The premise is that not all pain patients are alike.

McKethan said that most analysis of pain medication use is driven by Medicare and Medicaid and health insurers who are mostly looking for patients who are already being harmed by drug use and tend to emphasize  whether there is fraud, waste and abuse.

Not enough attention has been given to what he calls, “patient safety”.

McKethan said he has a cousin who is a chronic pain sufferer (failed back surgery) who “needs high powered medication in order to live his life”.

In the RxAnte model, which already has over two dozen predictors, his cousin would be at low risk. That’s because, among other reasons, he gets his medication from the same physician and the same pharmacy, he picks it up regularly and there’s no evidence of abuse.

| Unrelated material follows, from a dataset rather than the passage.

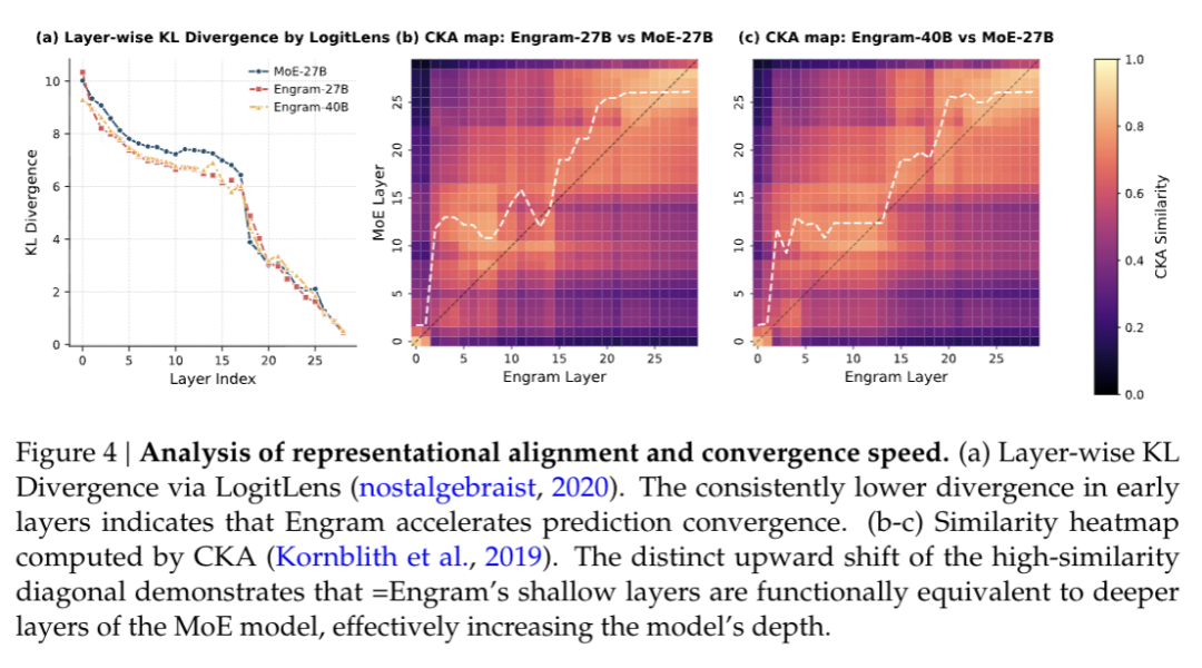 Engram让模型的早期层不再需要做特征组合的“苦力活”,KL散度曲线显示Engram模型的预测收敛速度明显更快。更直观的证据来自CKA相似度矩阵,Engram-27B第5层的表征,和MoE基线第12层的表征最为相似。

The model that has been developed includes data on the patients themselves (gender, geography, age), the attributes of the medication on the patient (using claim information can see if dosing is change, other medications that are being taken) and the attributes of the medication themselves (how strong are they, are patients stopping and starting).

McKethan is certain that the predictive analysis works. They’ve been working a year and a half using claims data of large insurance companies to develop the model.

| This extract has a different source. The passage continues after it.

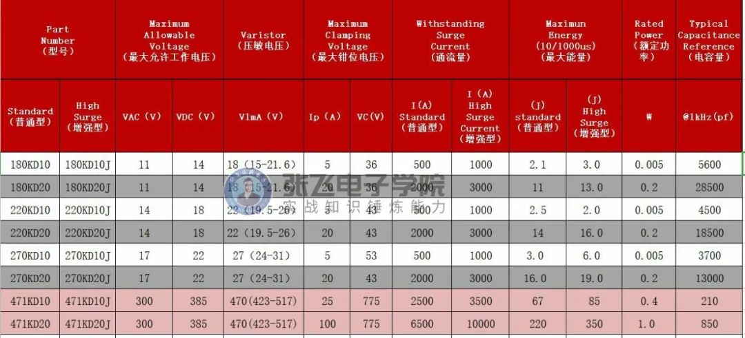 列如我們常用的471 它的大允許電壓AC300V DC385V同時(shí)通流量也是需要注意的,一般規(guī)格書上給出來的通流是1次的通流量,我們在選取的時(shí)候一定需要留有很大的余量,通流量是我們選擇直徑的依據(jù),如果一個(gè)417KD10 的壓敏電阻在計(jì)算的時(shí)候剛好接近規(guī)格書上的通流量2500A,我們可以選取兩個(gè)來并,如果空間不夠的時(shí)候我們可以選擇加強(qiáng)型的。

What the pilot projects are designed to find is whether it matters.

Will it change how doctors and others use the information in how they treat their patients?

McKethan thinks it will.

Each patient will have a score - (his cousin’s score would indicate a low risk) and the doctor will see that.

What RxAnte wants to ask the doctors is “If we could tell you accurately whether the patient is at higher or lower risk for unsafe use of these medicines, would that change how you treat him or her?”

So it’s not pain specialists who will be part of the pilot - it’ll be family doctors. Primary care physicians write 80% of the initial opioid prescriptions and also refill 80% of those prescriptions.

Another target audience is what he calls the “care management programs” which are mostly run by health plans and the questions are the same. “Would knowing a patient at risk earlier result in you engaging that person earlier, and presumably getting him or her help, earlier?”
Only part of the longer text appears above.